Steve Hahn, Executive VP, BullWall has this to say:
“The threat landscape has taken a sinister turn in the last few years, partly because these (mostly) Russian based threat actors consider our support of Ukraine an act of war and also because of the financial stakes. This is a multi-billion-dollar industry now. However recent years has seen the threat actors intentionally targeting young children for extortion and blackmail, which is precisely what this. It’s unconscionable.
“Threat actors target schools with “dual extortion” techniques. They exfiltrate data on students and encrypt all of the school’s data in a sequenced attack. The school will have to pay to not have that data leaked and pay again to get it decrypted. The information they can get in an attack like this is devastating to the children involved. Information about their grades, sexual activity, medications or mental healthcare, domestic violence, sexual orientation or identity and disciplinary actions. When this gets leaked parents will be, rightfully, outraged and the political fallout severe. The threat actors know this and seem to disregard the impact on the well-being of the targeted children.

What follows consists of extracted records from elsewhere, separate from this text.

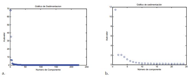 El gráfico de sedimentación en el cual se muestran los eigenvalores li, o autovalores, se presenta en la Figura 3 de aquí podemos observar que a partir de cierto número de componentes los autovalores permanecen constantes.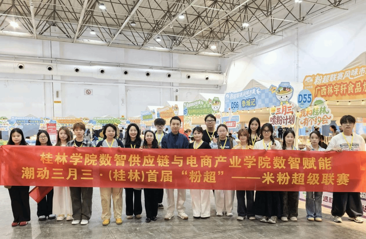 4月17日,首届“米粉超级联赛”在桂林甲天下会展中心开幕。我校电子商务教研室5位老师带领数智供应链与电商产业学院15名学生应邀深度参与,以专业实践对接地方文旅消费,用数智电商力量助力特色产业传播,推动产教融合与数智赋能落地增效。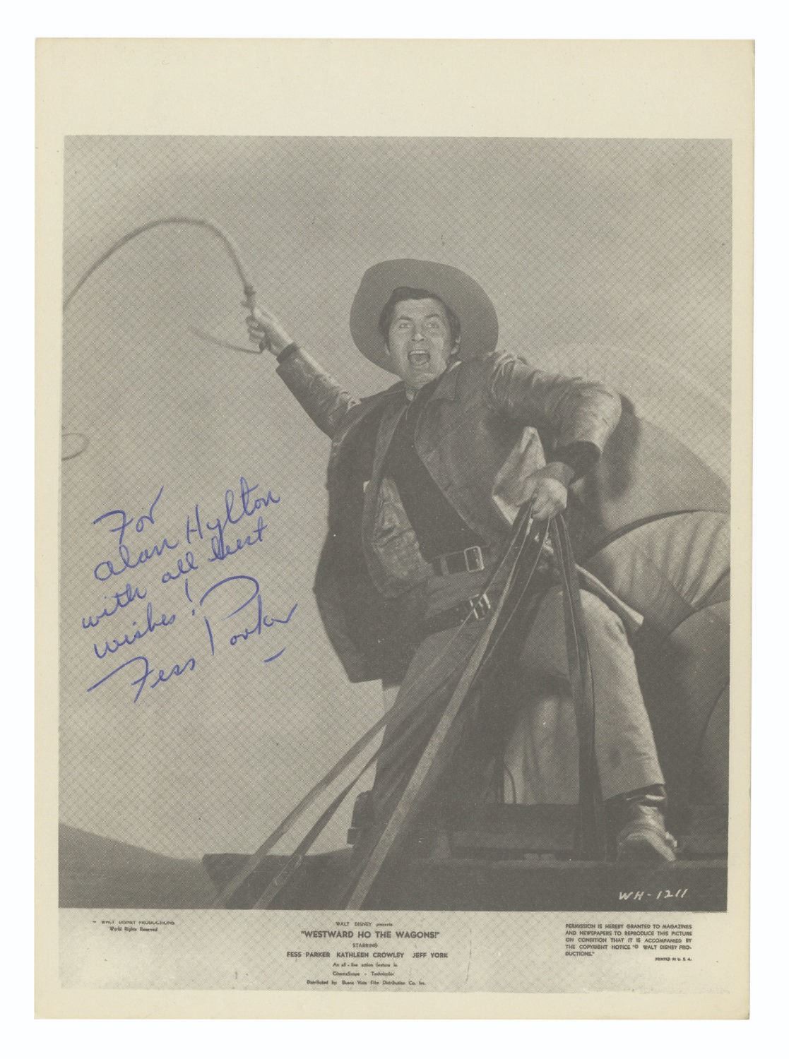 (Disney, 1980s) A signed press photograph of Fess Parker as John 'Doc' Grayson in the Walt Disney Studios western film, "Westward Ho the Wagons!" While the photo appears to be an older press photo, it was signed by Parker around 1980 and personalized to Alan Hylton. Measuring 7" x 5", the photo is in very good condition with minor wear.

“Unlike big corporations or other government services, schools simply don’t have the resources or personnel to prevent these attacks. It is not a matter of “if” a school district will be hit but “when” and the funding bodies don’t seem willing to allocate pro-active funding until they’ve been hit and see first-hand the fallout. However, even with the best prevention tools in the world a determined threat actor will eventually break through.
“Schools need to limit the sensitive information they document and retain. They need recovery strategies for the eventuality and need to also focus on rapid containment of the event to limit the amount of data impacted. It is also important to hold tabletop exercises to create a playbook for what happens when they eventually do get hit. How Legal, Boards and City Councils will be involved. These exercises often open up the eyes of the city councils to just how impactful these events are.”
Dave Ratner, CEO, HYAS follows with this:
“Schools and universities are increasingly becoming common targets, both because of the treasure trove of data they contain and their overall cyber security posture, which is unfortunately often less than perfect based on limited budgets. It’s imperative that those in the education sector prioritize cyber security hygiene — often this can be accomplished in a budget-friendly manner via one of the many MSP and MSSPs that focus on best practices.”
It will be interesting to see if these claims of LAUSD being pwned again are true. If they are, then LAUSD will have to do a lot of hard work to make sure that threat actors don’t go three for three so to speak.